Dinner and irony

Tonight Rebel Baby is staying up late because Mummy and Daddy have had enough of being responsible parents that attempt to follow a routine. Instead, they are bundling the baby into the back of a car and going out for dinner, hoping she will just have a nap somewhere quiet and forget about being a demanding little stroppet for one evening.

RB’s life is full of baby-adoring relatives who fuss and swoon over her on an all-too-regular basis. Lucky little RB is never without a lap to sit on or hair to pull… sometimes her fans even wait in line for a cuddle. She is quite used to being the centre of attention and quite accustomed to surprising and delighting all those whom she graces with her presence. Such is a baby’s prerogative. All of this is normal to her.

But this evening, RB has met her match. Uncle I-dont’-do-babies is here. Uncle I-don’t-do-babies likes beer and music, and peace and quiet, and clothes without sick on them. Uncle I-don’t-do-babies is like no one RB has ever met in her life… he does not squeal and jump and tickle and squeeze her, he does not run to the car and grab her from Mummy’s arms and throw her in the air and rush to find her toys. No, he regards her from a safe distance with a knowing nod, sips his beer, and converses with Daddy about manly things like cars and technology.
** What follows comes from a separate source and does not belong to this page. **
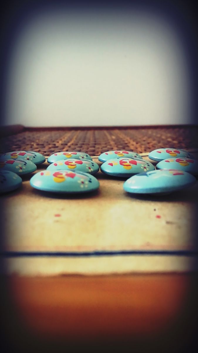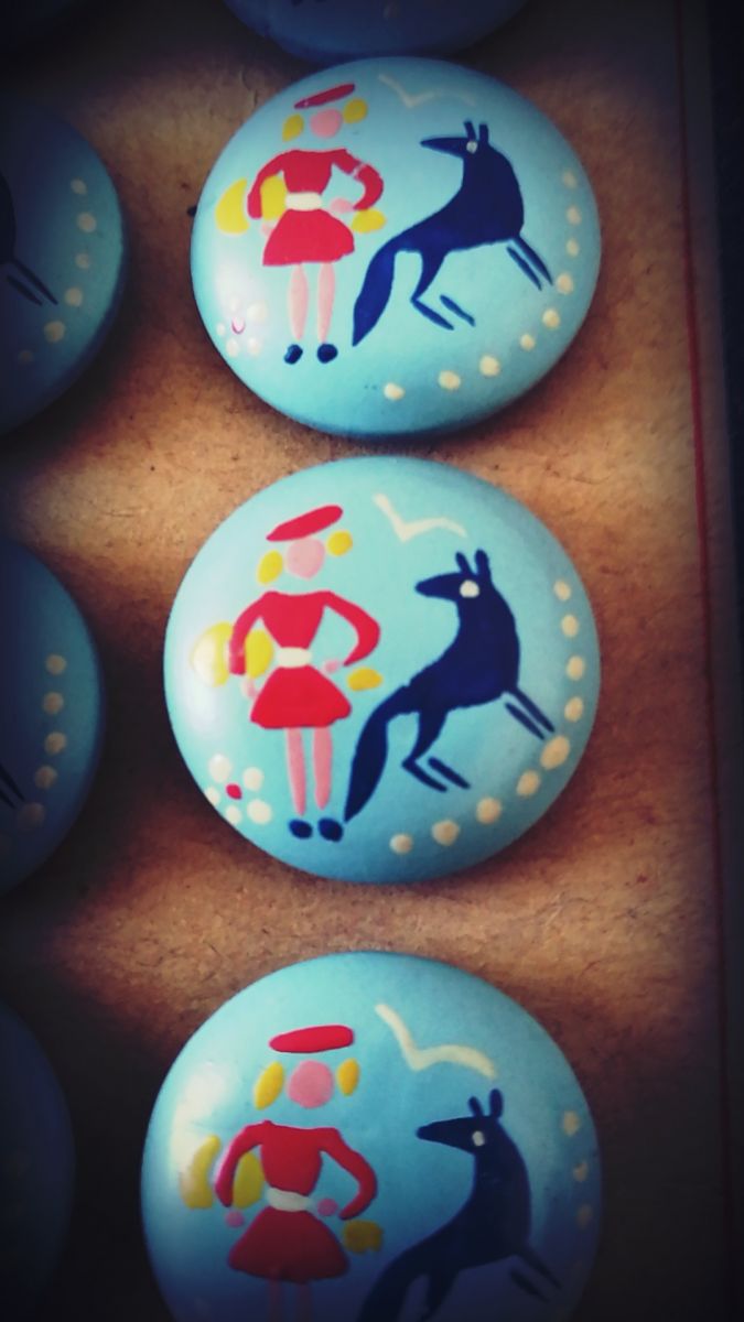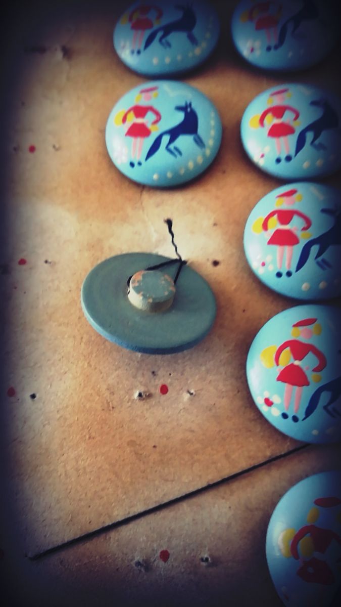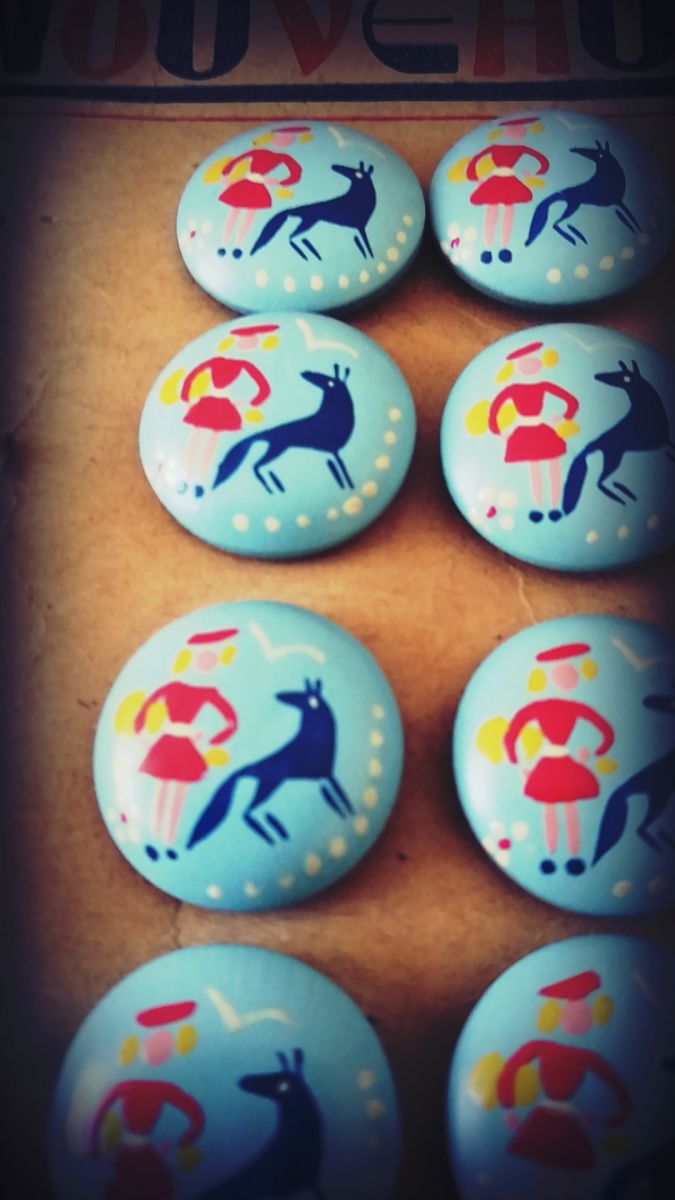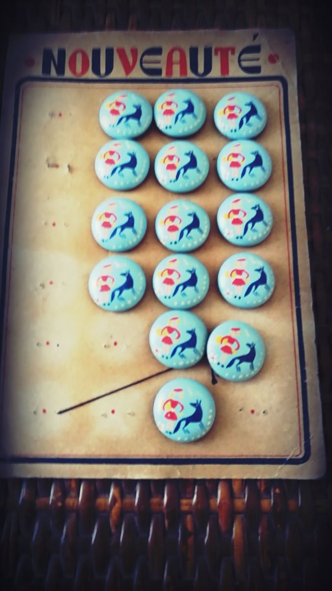 Lot de 15 boutons anciens en bois bleu ciel avec motif naïf de fillette et loup.

This makes Uncle IDDB completely irresistible to Rebel Baby. He is a fascinating enigma she must crack, mysterious and perplexing in equal measures.

The full repertoire of baby techniques are employed: squealing, giggling, flapping, wriggling, reaching, grabbing, singing, dancing, full-blown yelling and foot-stamping… all to get his attention. From time to time, Uncle IDDB might acknowledge the small one’s efforts with a smile or a nod betwixt sips of beer which, far from satisfying her curiosity, only fuel her obsession.

After a lovely meal and successful evening, it is late at night when Mummy and Daddy rouse The Baby, who is furious at being so rudely awoken, to embark on their journey home.  Ironically and despite her foul mood, Uncle I-don’t-do-babies is the only one who gets a smile and a high-five on the way out of the door.